UNITED STATES of America, Appellee, v. Maurice J. FAGAN, Defendant, Appellant.

No. 08-1787.

Decided: August 13, 2009

Before BOUDIN, SELYA and DYK,* Circuit Judges. Ryan M. Schiff, with whom Salsberg & Schneider was on brief, for appellant. F. Thompson Reece, Special Assistant United States Attorney, with whom Michael J. Sullivan, United States Attorney, Anthony E. Fuller and George W. Vien, Assistant United Attorneys, were on brief, for appellee.

The Warrant Clause of the Fourth Amendment has been interpreted to permit searches not only of the premises specified in a warrant but also of structures “appurtenant” to those premises.   The case law, however, provides very little guidance as to how courts should determine whether or not a given structure is appurtenant to described premises.   This case offers us an opportunity to shed some light on this shadowy corner of Fourth Amendment law.

The matter comes to us in the form of an appeal of the denial of a motion to suppress evidence seized from a storage closet by local law enforcement officers armed with a search warrant for the neighboring apartment.   The district court ruled that the closet, although not itself within the apartment or separately specified in the warrant, was appurtenant to the apartment and, therefore, validly searched.  United States v.
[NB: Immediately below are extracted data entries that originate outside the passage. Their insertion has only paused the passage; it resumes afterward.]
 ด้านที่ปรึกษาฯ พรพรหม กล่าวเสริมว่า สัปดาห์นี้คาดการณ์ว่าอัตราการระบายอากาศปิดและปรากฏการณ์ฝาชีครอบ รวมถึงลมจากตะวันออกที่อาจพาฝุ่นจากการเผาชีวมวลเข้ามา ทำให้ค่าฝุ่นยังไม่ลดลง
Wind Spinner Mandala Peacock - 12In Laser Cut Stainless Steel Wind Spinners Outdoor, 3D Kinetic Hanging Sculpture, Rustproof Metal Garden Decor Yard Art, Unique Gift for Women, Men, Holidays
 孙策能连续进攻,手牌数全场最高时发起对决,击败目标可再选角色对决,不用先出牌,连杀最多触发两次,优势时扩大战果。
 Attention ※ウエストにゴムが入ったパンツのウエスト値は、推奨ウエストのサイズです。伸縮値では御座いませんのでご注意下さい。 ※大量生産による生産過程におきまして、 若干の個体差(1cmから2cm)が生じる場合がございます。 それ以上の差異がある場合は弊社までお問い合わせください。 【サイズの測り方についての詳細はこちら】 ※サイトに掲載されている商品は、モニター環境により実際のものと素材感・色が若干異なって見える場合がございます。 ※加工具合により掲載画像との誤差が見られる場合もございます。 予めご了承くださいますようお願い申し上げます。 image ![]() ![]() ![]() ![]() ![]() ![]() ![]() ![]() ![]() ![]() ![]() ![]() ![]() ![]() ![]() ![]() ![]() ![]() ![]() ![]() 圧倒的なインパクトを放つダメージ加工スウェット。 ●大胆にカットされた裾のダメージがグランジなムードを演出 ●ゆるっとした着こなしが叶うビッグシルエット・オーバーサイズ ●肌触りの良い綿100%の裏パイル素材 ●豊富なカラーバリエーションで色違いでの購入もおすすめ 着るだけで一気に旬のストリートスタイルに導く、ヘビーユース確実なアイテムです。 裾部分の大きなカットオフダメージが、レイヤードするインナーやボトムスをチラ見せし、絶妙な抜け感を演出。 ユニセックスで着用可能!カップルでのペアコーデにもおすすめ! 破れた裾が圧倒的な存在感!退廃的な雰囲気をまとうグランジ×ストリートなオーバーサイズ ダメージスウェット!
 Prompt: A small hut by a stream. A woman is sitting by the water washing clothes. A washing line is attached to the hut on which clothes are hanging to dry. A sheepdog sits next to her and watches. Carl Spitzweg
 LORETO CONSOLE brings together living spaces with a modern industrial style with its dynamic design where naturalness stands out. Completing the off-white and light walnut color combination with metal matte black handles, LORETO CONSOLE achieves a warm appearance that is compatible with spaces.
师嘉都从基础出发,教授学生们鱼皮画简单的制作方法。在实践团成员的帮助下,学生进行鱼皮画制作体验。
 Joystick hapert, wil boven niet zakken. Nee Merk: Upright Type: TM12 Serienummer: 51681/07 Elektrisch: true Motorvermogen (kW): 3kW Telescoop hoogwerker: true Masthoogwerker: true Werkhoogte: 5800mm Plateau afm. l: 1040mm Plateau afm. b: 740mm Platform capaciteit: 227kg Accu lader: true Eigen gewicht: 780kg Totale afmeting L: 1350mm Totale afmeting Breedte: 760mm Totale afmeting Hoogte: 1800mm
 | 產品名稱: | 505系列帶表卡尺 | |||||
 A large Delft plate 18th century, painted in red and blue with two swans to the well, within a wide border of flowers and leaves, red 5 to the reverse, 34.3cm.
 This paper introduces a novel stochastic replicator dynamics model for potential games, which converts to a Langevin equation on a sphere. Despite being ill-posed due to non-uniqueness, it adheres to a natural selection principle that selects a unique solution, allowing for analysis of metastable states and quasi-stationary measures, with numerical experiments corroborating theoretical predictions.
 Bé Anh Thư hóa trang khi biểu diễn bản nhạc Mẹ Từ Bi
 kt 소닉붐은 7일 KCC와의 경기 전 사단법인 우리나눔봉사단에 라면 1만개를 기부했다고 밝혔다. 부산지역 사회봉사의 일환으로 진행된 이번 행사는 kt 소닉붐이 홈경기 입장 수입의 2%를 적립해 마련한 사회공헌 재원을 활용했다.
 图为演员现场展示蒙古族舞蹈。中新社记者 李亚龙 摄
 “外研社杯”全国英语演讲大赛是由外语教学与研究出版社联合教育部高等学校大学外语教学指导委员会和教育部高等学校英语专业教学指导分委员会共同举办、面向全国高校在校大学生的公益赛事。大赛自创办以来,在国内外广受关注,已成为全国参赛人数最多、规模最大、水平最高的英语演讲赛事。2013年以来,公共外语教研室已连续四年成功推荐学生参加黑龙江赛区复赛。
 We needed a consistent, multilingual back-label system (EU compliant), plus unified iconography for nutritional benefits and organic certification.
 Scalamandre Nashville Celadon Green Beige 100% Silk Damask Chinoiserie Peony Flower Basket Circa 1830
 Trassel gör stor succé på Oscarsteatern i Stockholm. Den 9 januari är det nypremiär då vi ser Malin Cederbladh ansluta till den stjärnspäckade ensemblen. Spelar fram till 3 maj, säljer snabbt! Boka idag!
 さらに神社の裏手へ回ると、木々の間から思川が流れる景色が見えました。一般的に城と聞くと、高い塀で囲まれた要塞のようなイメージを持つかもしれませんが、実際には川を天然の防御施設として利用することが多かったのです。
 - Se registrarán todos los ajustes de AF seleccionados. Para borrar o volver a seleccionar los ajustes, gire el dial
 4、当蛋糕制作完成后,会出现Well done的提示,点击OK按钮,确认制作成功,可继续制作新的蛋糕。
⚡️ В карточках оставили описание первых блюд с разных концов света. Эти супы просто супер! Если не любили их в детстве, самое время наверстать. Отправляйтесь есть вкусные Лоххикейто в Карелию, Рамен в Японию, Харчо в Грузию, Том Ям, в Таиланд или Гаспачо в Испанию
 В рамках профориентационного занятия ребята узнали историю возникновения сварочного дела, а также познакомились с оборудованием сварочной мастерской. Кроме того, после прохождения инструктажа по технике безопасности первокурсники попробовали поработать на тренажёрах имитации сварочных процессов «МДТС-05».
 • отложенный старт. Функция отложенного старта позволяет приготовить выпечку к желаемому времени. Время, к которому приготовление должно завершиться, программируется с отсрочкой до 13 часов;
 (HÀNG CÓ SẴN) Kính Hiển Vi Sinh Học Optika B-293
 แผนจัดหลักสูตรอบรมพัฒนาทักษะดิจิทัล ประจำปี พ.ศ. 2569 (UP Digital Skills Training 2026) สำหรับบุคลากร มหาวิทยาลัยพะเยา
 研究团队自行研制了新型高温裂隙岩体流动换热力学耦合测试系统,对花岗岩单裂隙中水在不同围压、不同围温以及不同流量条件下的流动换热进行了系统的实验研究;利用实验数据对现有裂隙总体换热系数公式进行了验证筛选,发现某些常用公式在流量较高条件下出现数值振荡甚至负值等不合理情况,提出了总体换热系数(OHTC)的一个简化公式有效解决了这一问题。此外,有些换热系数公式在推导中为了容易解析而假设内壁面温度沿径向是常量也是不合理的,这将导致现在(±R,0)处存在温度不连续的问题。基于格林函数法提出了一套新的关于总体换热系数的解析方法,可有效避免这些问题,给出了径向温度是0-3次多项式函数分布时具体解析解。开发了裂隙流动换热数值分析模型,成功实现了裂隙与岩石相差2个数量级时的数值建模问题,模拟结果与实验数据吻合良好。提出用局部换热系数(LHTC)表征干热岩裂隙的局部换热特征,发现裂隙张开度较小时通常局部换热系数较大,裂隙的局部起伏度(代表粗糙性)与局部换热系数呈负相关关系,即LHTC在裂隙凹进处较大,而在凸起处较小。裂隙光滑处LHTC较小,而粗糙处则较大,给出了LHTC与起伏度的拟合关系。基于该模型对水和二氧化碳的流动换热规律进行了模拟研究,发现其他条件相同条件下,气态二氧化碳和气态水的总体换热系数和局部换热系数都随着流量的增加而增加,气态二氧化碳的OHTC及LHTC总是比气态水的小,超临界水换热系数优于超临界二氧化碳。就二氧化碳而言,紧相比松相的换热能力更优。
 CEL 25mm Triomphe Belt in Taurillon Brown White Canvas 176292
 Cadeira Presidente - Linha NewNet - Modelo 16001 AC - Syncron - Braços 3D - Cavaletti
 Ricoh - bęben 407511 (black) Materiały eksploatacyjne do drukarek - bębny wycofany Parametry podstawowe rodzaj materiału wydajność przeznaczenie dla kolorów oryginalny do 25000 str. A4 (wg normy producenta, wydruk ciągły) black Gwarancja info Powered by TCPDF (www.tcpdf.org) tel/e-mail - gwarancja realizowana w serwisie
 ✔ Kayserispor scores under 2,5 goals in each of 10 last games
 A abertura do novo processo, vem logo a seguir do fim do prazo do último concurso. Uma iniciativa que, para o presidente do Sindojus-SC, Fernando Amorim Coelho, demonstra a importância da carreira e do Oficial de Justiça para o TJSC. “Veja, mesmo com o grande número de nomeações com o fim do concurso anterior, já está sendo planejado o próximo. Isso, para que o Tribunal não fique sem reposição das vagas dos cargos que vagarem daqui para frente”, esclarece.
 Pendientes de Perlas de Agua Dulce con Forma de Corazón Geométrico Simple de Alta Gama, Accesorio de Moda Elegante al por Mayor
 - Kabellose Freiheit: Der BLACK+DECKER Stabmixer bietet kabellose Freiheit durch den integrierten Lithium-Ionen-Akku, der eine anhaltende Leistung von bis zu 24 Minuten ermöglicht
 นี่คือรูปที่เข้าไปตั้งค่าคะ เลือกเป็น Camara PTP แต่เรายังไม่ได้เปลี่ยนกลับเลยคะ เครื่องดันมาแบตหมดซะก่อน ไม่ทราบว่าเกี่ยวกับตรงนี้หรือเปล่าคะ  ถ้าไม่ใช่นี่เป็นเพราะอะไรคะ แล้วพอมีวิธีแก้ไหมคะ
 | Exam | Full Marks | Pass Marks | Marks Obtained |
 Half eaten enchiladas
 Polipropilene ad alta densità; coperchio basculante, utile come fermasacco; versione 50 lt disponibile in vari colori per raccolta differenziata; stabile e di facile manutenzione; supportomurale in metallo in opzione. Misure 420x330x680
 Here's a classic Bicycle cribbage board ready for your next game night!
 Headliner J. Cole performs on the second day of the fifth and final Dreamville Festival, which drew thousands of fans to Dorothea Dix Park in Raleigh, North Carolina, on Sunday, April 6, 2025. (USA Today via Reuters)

Fagan, No. 06-10023, 2006 WL 3210060, at *5 (D.Mass. Oct. 26, 2006).   Discerning no error, we affirm.


We rehearse the facts as found by the district court, consistent with record support.   See United States v. Lee, 317 F.3d 26, 30 (1st Cir.2003).   We supplement them with additional facts not disputed by the parties.

On October 20, 2005, local police officers executed a search warrant at 11 Battles Street, a three-story tenement in Brockton, Massachusetts.   The warrant authorized a search of the third-floor apartment and cellar.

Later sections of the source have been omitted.